10th Chief of Air Force
- In office 19 March 1993 – 8 August 1996
- Monarchs: Azlan Shah (1993–1994); Ja'afar (1994–1996);
- Prime Minister: Mahathir Mohamad
- Minister of Defence: Najib Razak (1993–1995); Syed Hamid Albar (1995–1996);
- Preceded by: Mohd Yunus Mohd Tasi
- Succeeded by: Ahmad Saruji Che Rose

Personal details
- Born: 7 November 1944 (age 81) Alor Setar, Syburi, Si Rat Malai (now Kedah, Malaysia)
- Spouse: Seri Wilson Syed Ibrahim
- Children: 3
- Parents: Abdul Aziz Zain (father); Fatimah Zahirin (mother);
- Education: Federation Military College, Sungai Besi; Lancaster University;

Military service
- Allegiance: Malaysia
- Branch/service: Royal Malaysian Air Force
- Years of service: 1964–1996
- Rank: Lieutenant General
- Battles/wars: Indonesia–Malaysia confrontation; Second Malayan Emergency;

= Abdul Ghani Abdul Aziz =

10th Chief of Royal Malaysian Air Force (1993–1996)

Abdul Ghani bin Abdul Aziz (born 7 November 1944), is a Malaysian retired-military officer who served as the 10th Chief of Air Force from March 1993 to August 1996.

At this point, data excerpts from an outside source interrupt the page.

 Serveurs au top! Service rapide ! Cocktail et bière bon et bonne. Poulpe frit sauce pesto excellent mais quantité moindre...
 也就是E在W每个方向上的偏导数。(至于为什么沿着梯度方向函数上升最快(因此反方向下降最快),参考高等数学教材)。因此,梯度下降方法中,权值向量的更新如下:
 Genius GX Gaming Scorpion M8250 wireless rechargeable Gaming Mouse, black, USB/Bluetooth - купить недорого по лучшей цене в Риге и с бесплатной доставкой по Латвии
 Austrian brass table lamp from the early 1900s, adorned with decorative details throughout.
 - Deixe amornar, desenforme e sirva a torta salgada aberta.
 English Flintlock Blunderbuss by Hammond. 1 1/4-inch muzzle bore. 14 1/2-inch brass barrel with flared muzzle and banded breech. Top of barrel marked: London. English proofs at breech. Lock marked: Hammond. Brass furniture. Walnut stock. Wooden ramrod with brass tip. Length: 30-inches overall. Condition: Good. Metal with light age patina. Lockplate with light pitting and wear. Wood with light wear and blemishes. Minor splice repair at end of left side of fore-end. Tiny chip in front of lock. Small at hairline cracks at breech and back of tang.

== Early life and education ==
Abdul Ghani was born on 7 November 1944 in Alor Setar and he was raised in Taiping, Perak. His father, Abdul Aziz Zain was the 2nd Attorney General of Brunei from 1961 to 1963. He received his education at King Edward VII School, Taiping but he left at form four to continue his education at Malay College Kuala Kangsar.

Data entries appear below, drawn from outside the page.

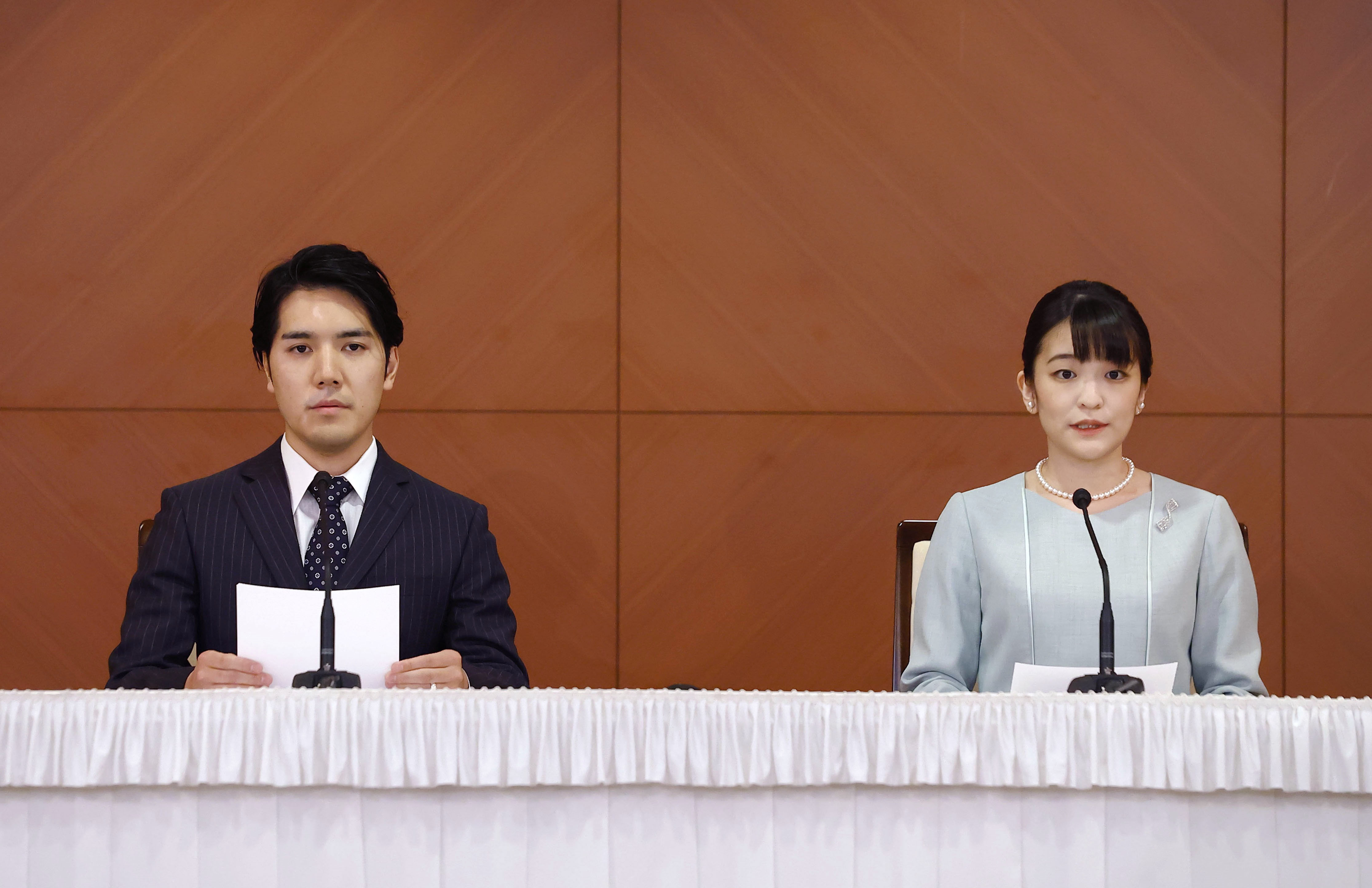 小室圭和真子出席记者招待会(图源:网络)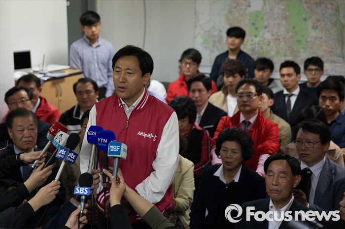 (서울=포커스뉴스) 제20대 국회의원선거일인 13일 오후 종로구에서 정세균 더불어민주당 후보가 당선이 확실시 된 가운데 오세훈 새누리당 후보가 서울 종로구 자신의 선거사무소에서 입장을 밝히고 있다.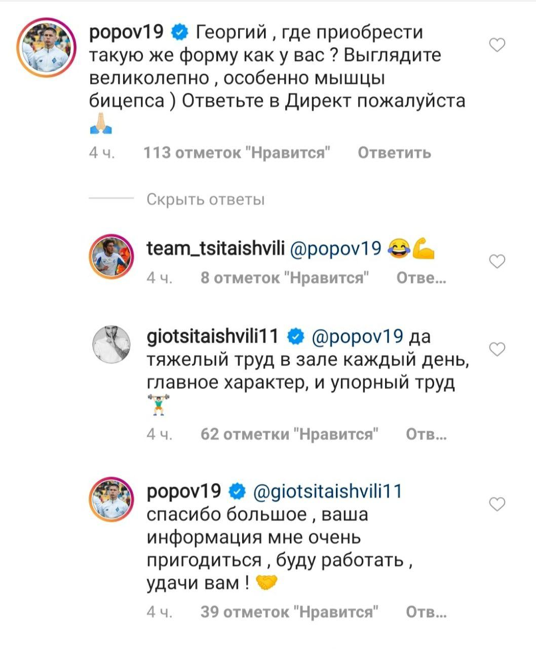 Защитник "Динамо" Денис Попов оставил свой комментарий под фото Георгия Цитаишвили в его Instagram, задав вопрос по поводу физической формы одноклубника.
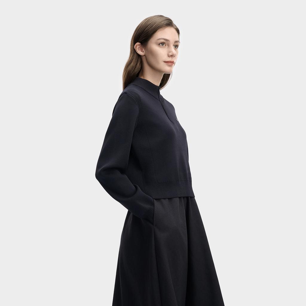 Fila Белый Модный Простой Классический Повседневный Универсальный Удобный Свободный Платье с длинным рукавом на молнии до середины груди Женские платья Легендарно-синий F11W613302FNV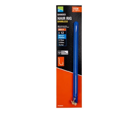 Die Preston KKH-B Banded Hair Rigs 15cm (8 Stück) sind vorgefertigte, extrem robuste Vorfächer für den Einsatz mit harten Pellets und Band’ums – sowohl an der Stipprute als auch am Feeder.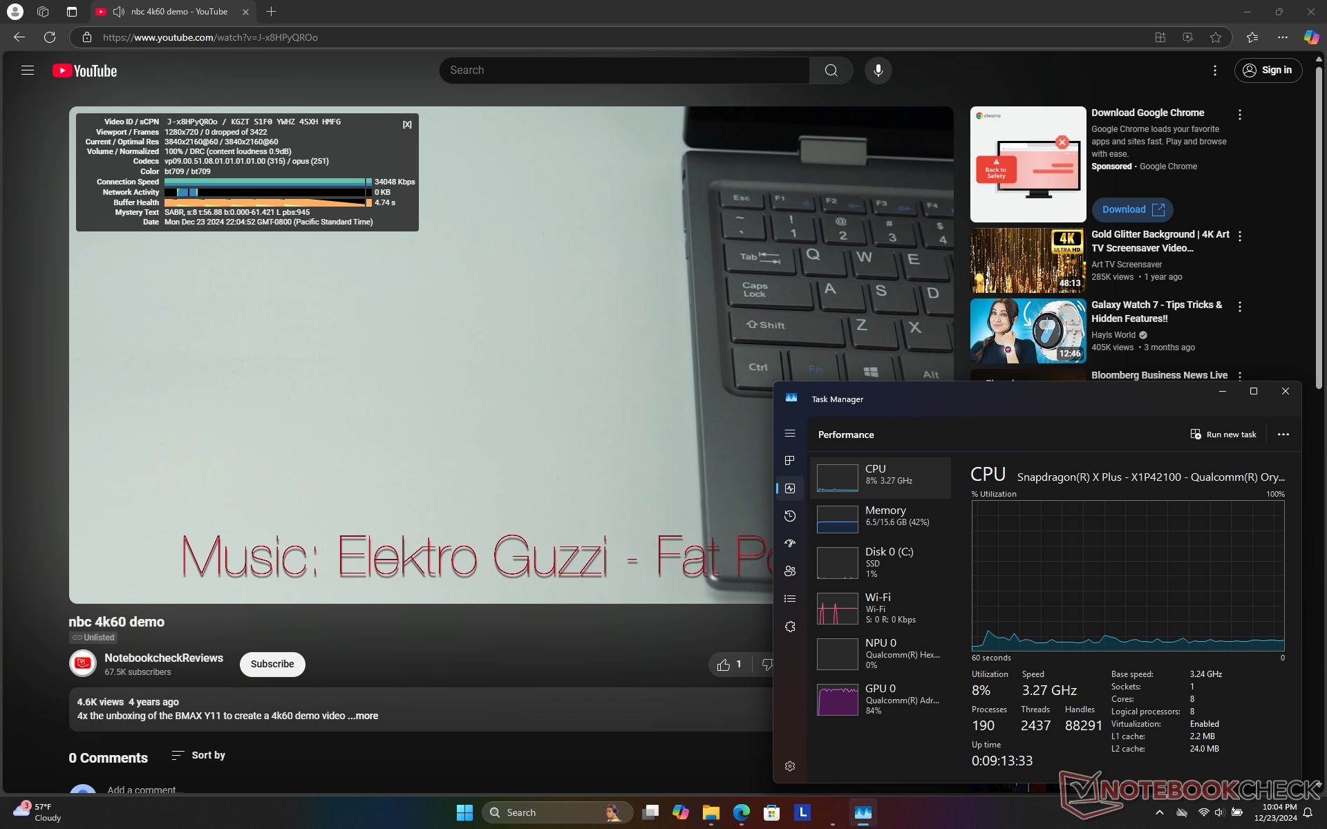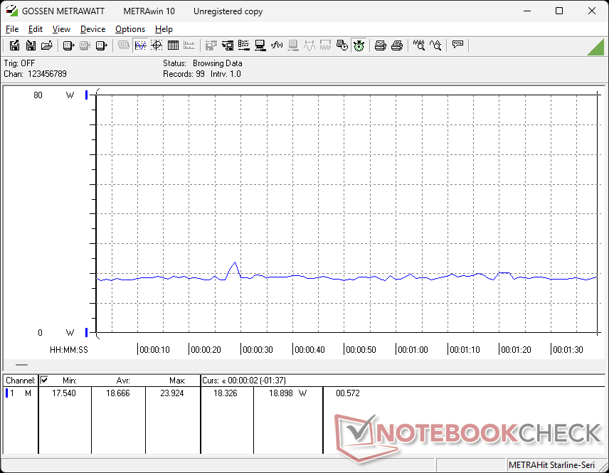 Der Leerlauf auf dem Desktop erfordert je nach Helligkeitsstufe zwischen 3 und 11 W. Da es sich um ein OLED-Panel handelt, kann der obere Bereich relativ hoch sein, vor allem wenn überwiegend weiße Farben angezeigt werden. Ansonsten ist der Verbrauch bei anspruchsvollen Anwendungen spürbar niedriger als bei den Alternativen von Intel und AMD. Cyberpunk 2077 zum Beispiel verbraucht im Durchschnitt nur 21 W im Vergleich zu 2x soviel auf dem ThinkPad T14s Gen 6 oder MacBook Pro 14 M4. Natürlich bieten diese Alternativen auch eine deutlich schnellere Grafikleistung, so dass die Leistung pro Watt bei GPU-intensiven Szenarien nicht unbedingt zugunsten von Qualcomm ausfällt.

He once took a course in civil engineering at Technical College, Kuala Lumpur (later known as University of Technology Malaysia) for a year before he joined as a cadet officer at Federation Military College, Sungai Besi in 1964. He also graduated master in International Relations and Strategic Studies from University of Lancaster in 1981 and master in Arts (Politics) from Royal College of Defence Studies in 1991.

== Military career ==
On 11 March 1993, his predecessor, Mohd Yunus Mohd Tasi handed over chief of Air Force position to Ghani as acting-chief and Ghani held that position definitively on 19 March 1993 and he got rank promotion to lieutenant general. The position he held until his retirement and he passed the baton to his successor, Ahmad Saruji Che Rose on 9 August 1996.

== Honours ==
=== Honours of Malaysia ===
- Malaysia
  - Commander of the Order of Loyalty to the Crown of Malaysia (PSM) – Tan Sri (2012)
  - Companion of the Order of the Defender of the Realm (JMN) (1992)
  - Officer of the Order of the Defender of the Realm (KMN) (1982)
  - Recipient of the General Service Medal (PPA)
  - Recipient of the Malaysian Commemorative Medal (Bronze) (PPM (G))
  - Recipient of the 10th Yang di-Pertuan Agong Installation Medal
- Malaysian Armed Forces
  - Courageous Commander of the Most Gallant Order of Military Service (PGAT)
  - Loyal Commander of the Most Gallant Order of Military Service (PSAT) (1990)
  - Recipient of the Air Force Medal (PTU) (1987)
  - Recipient of the Malaysian Service Medal (PJM)
- Kedah
  - Knight Commander of the Order of the Crown of Kedah (DPMK) – Dato' (1995)
- Pahang
  - Knight Grand Companion of the Order of the Crown of Pahang (SIMP) – formerly Dato', now Dato' Indera (1993)
  - Knight Companion of the Order of the Crown of Pahang (DIMP) – Dato' (1986)
- Perak
  - Knight Grand Commander of the Order of Taming Sari (SPTS) – Dato' Seri Panglima (1994)
- Sabah
  - Star of the Order of Kinabalu (BK)

=== Foreign honours ===
- Indonesia
  - First Class (Utama) of the Star of Swa Bhuwana Paksa (1995)
- Jordan
  - Grand Officer of the Order of the Star of Jordan (1989)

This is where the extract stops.